Who’s going to be guiding these clubs into the future? “In my experience, the next generation of volunteer leaders in the private-club boardroom are more realistic and realize that we need almost CEO-like leadership,” says executive recruiter Kurt Kuebler, whose firm Kopplin Kuebler & Wallace specializes in private clubs. “Relying on an ever-rotating volunteer leadership doing a lot of heavy lifting on operational matters is probably a thing of the past. We need competent leaders.”


Club boards have to focus on the big picture: strategic plans, building the club’s net worth, he says. “Too many times board meetings turn into operational-complaint centers, talking about whether to leave rakes in or out of bunkers or ‘We didn’t like our burger.’ The trend now is, ‘Let’s hire people who understand, who are experts. We don’t have to be lay operators.’ ”

Perhaps most important, “We’re starting to see board members think more like owners rather than customers,” Kuebler says. “When you’re a member of a club, you’ve got to be thinking about whether you need a new roof on the clubhouse just as much as the experience you have when you’re playing golf out there. Club members are slowly becoming more educated that they have this responsibility, that they need to have a reinvestment plan in place for reoccurring capital needs and what I would call more aspirational capital plans. None of us knew five years ago we’d need pickleball courts, but we do. We need to be saving money for the next new activity or fad out there. We’ve just got to be more thoughtful.”

Yes, there’s a definitely an element of keeping up with the Joneses, but “member expectations continue to rise,” Kuebler says. “They get a lot more exposure to high-end resorts and other things they would compare to their club. So capital improvement isn’t just to attract new members. It’s to make sure that it’s still relevant to the existing members.”

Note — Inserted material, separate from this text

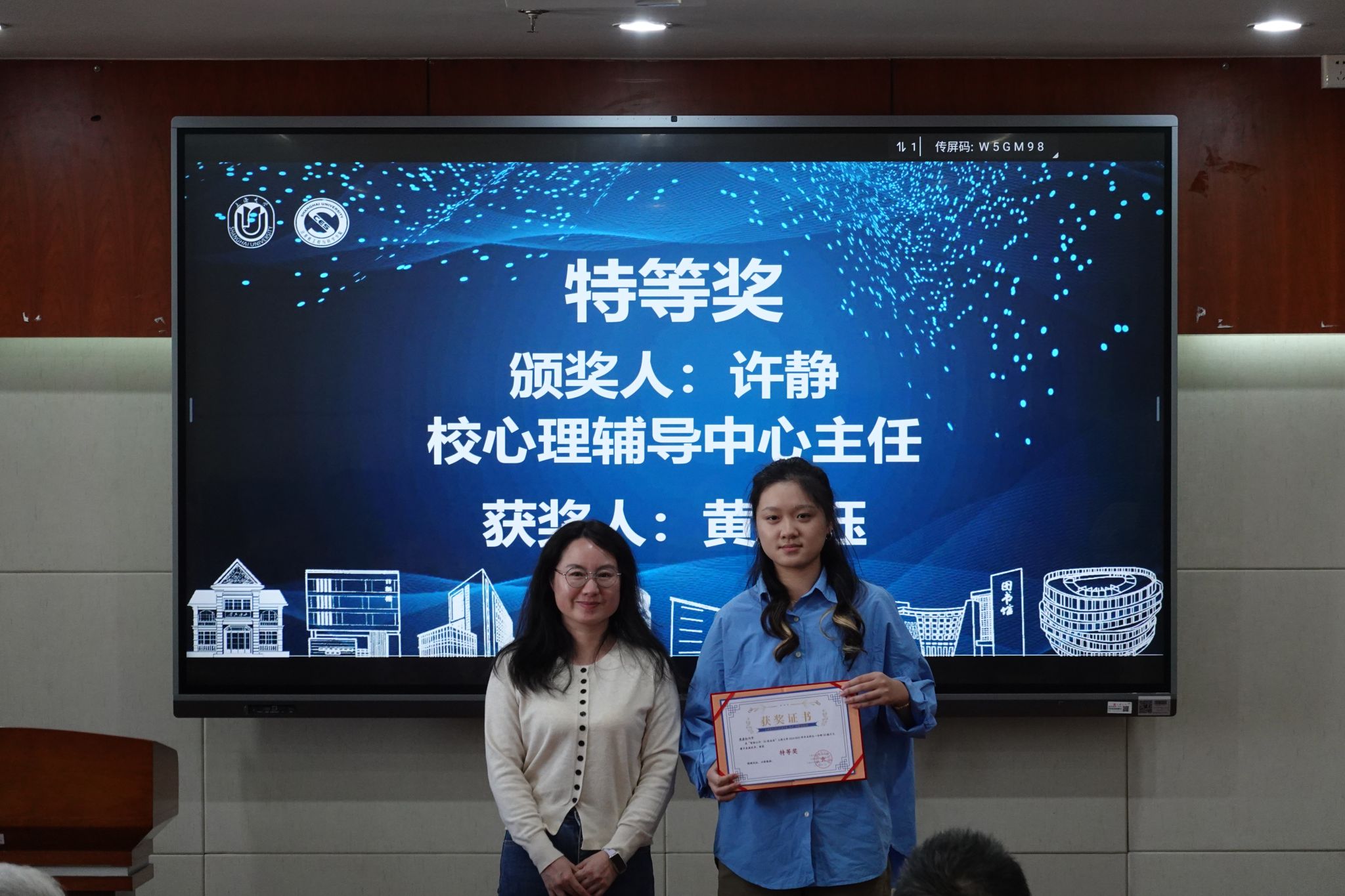 在随后的上海大学网络文化节颁奖环节中,上海大学心理辅导中心主任许静为特等奖获得者颁奖,学院副院长邹国兵、李晓强分别颁发一等奖和二等奖,表彰在校园网络文化建设中表现突出的同学。与会人员共同观看了获奖作品《隐形防线——科技赋能的国家安全教育课》。

The family-friendly, amenities-heavy club is “the wave of the future,” says Orosco of the Montecito Club. It just completed the largest membership-sales year in its history, bringing its total to 570 members. “This may change, right? You never know what the next generation might want,” he concedes. “But right now, you see the smiles and happiness of members when they’re here, the amount of people lining up to join. It truly is a great experience. You’re going to see more clubs go through the same type of thing. Maybe not quite at the level of this club. But you’ll have more clubs trying to get to that level.”